You've eaten my pie and swigged the wine, and now--"
Pere Beret put on his straw cap, adjusting it carefully over the
shining dome out of which had come so many thoughts of wisdom,
kindness and human sympathy. This done, he gently laid a hand
on Alice's bright crown of hair and said:
"Bless you, my child. I will pray to the Prince of Peace
for you as long as I live, and I will never cease to beg the Holy
Virgin to intercede for you and lead you to the Holy Church."
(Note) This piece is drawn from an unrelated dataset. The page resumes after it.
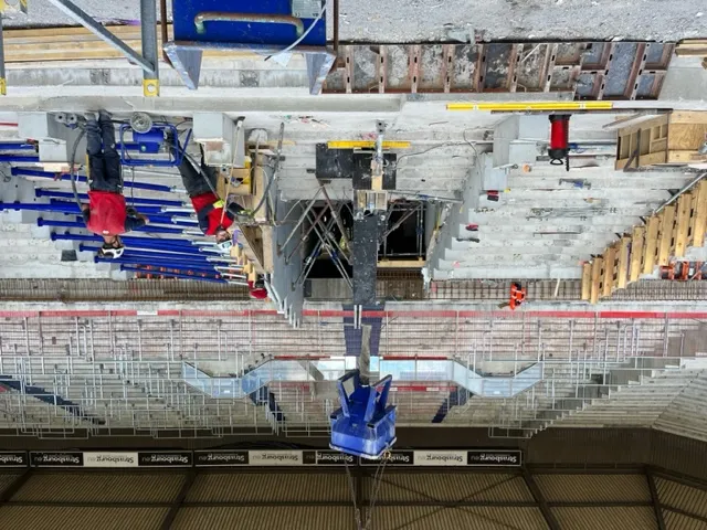 Les ouvriers en train de travailler sur la tribune ouest du stade

He turned and went away; but when he was no farther than the gate,
Alice called out:
"O Father Beret, I forgot to show you something!"
She ran forth to him and added in a low tone:
"You know that Madame Roussillon has hidden all the novels
from me."
She was fumbling to get something out of the loose front of her
dress.
"Well, just take a glance at this, will you?" and she
showed him a little leather bound volume, much cracked along the
hinges of the back.
It was Manon Lescaut, that dreadful romance by the famous Abbe
Prevost.
Pere Beret frowned and went his way shaking his head; but before
he reached his little hut near the church he was laughing in spite
of himself.
"She's not so bad, not so bad," he thought aloud, "it's
only her young, independent spirit taking the bit for a wild run.
In her sweet soul she is as good as she is pure."